**AIM OF THE EXERCISE:**
For this exercise, output the entries below exactly from the line that holds "Figure 1: Nextbike" to the line that holds "Carlos Mérida •", both ends included. No pictures belong in the copy.

[[ RECORDS FOR PROCESSING open ]]

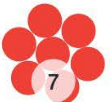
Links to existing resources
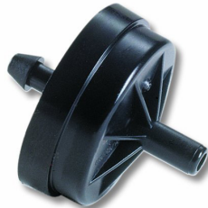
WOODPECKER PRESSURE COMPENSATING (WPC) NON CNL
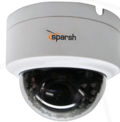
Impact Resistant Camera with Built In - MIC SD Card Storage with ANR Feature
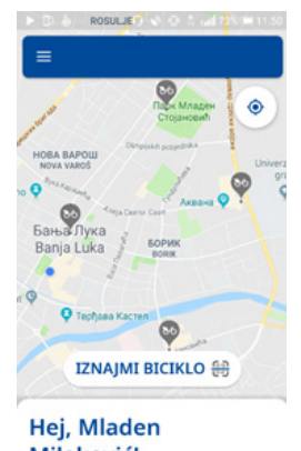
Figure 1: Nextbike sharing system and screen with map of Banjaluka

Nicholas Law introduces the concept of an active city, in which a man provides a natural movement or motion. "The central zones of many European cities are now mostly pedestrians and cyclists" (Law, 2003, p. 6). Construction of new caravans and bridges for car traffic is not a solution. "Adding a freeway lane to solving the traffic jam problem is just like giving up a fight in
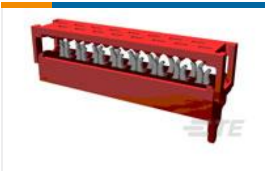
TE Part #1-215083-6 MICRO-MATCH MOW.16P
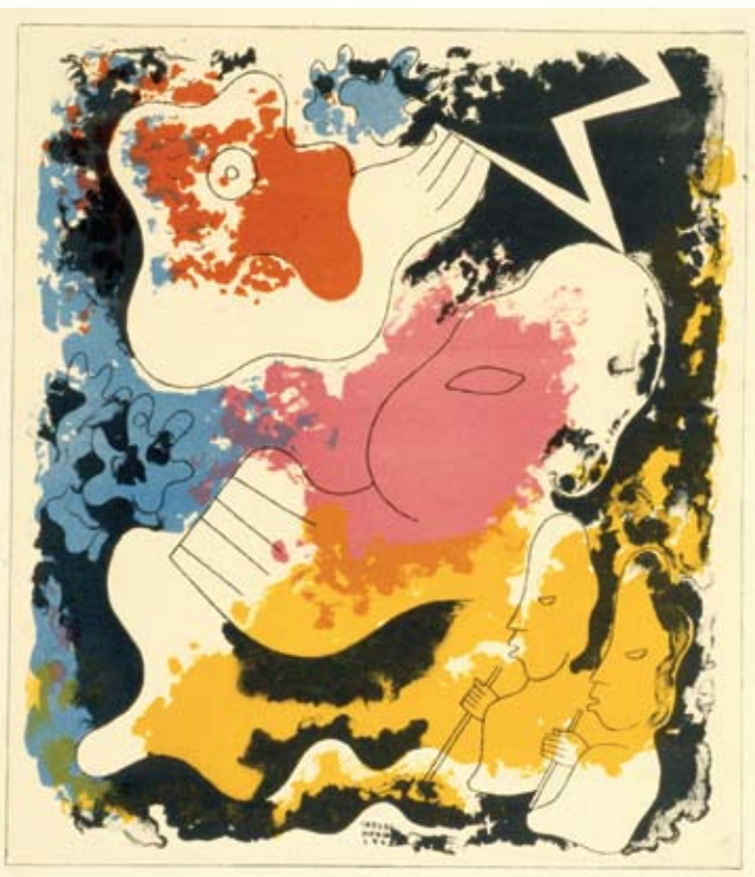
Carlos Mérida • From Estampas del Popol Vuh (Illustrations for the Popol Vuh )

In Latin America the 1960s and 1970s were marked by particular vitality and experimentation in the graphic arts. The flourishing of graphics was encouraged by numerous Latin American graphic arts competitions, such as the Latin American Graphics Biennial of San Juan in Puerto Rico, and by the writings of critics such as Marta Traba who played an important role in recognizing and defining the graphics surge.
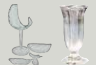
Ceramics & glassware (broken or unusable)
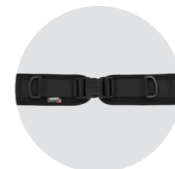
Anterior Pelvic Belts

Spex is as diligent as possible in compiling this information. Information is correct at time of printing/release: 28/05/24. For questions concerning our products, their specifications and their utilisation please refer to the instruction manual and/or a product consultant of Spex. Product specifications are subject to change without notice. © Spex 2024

[[ RECORDS FOR PROCESSING closed ]]

**OUTPUT FOR THIS TASK:**
Figure 1: Nextbike sharing system and screen with map of Banjaluka

Nicholas Law introduces the concept of an active city, in which a man provides a natural movement or motion. "The central zones of many European cities are now mostly pedestrians and cyclists" (Law, 2003, p. 6). Construction of new caravans and bridges for car traffic is not a solution. "Adding a freeway lane to solving the traffic jam problem is just like giving up a fight in
TE Part #1-215083-6 MICRO-MATCH MOW.16P
Carlos Mérida • From Estampas del Popol Vuh (Illustrations for the Popol Vuh )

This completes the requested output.